INSTRUCTIONS FOR THE TASK: Line for line, return the data exactly, omitting all pictures.

EXERCISE DATA:
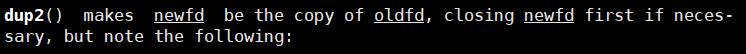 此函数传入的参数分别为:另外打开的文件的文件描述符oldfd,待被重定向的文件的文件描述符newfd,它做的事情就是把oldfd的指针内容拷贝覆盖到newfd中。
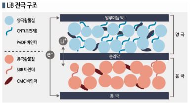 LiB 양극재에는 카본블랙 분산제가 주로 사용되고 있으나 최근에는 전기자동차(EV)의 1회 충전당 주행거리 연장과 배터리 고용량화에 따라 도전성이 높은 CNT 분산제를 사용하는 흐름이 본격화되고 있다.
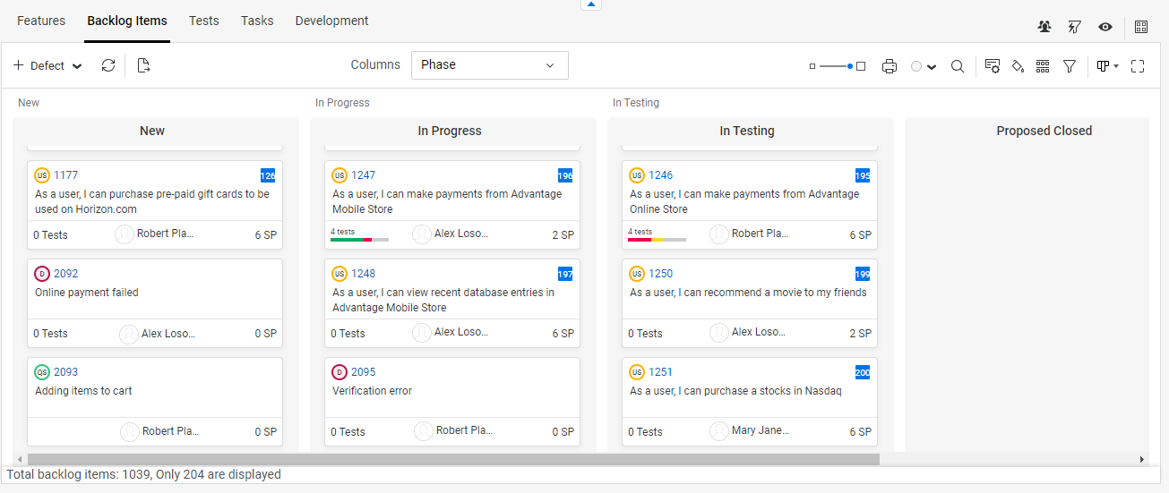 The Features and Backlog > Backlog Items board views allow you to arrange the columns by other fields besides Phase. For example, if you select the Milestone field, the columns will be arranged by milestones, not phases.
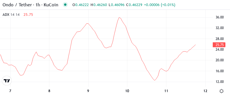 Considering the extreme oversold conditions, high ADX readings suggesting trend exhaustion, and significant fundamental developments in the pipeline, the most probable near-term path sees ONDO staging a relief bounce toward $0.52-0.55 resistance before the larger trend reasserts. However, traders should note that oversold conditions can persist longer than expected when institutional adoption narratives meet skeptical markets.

RESPONSE TO THE TASK:
 此函数传入的参数分别为:另外打开的文件的文件描述符oldfd,待被重定向的文件的文件描述符newfd,它做的事情就是把oldfd的指针内容拷贝覆盖到newfd中。
 LiB 양극재에는 카본블랙 분산제가 주로 사용되고 있으나 최근에는 전기자동차(EV)의 1회 충전당 주행거리 연장과 배터리 고용량화에 따라 도전성이 높은 CNT 분산제를 사용하는 흐름이 본격화되고 있다.
 The Features and Backlog > Backlog Items board views allow you to arrange the columns by other fields besides Phase. For example, if you select the Milestone field, the columns will be arranged by milestones, not phases.
 Considering the extreme oversold conditions, high ADX readings suggesting trend exhaustion, and significant fundamental developments in the pipeline, the most probable near-term path sees ONDO staging a relief bounce toward $0.52-0.55 resistance before the larger trend reasserts. However, traders should note that oversold conditions can persist longer than expected when institutional adoption narratives meet skeptical markets.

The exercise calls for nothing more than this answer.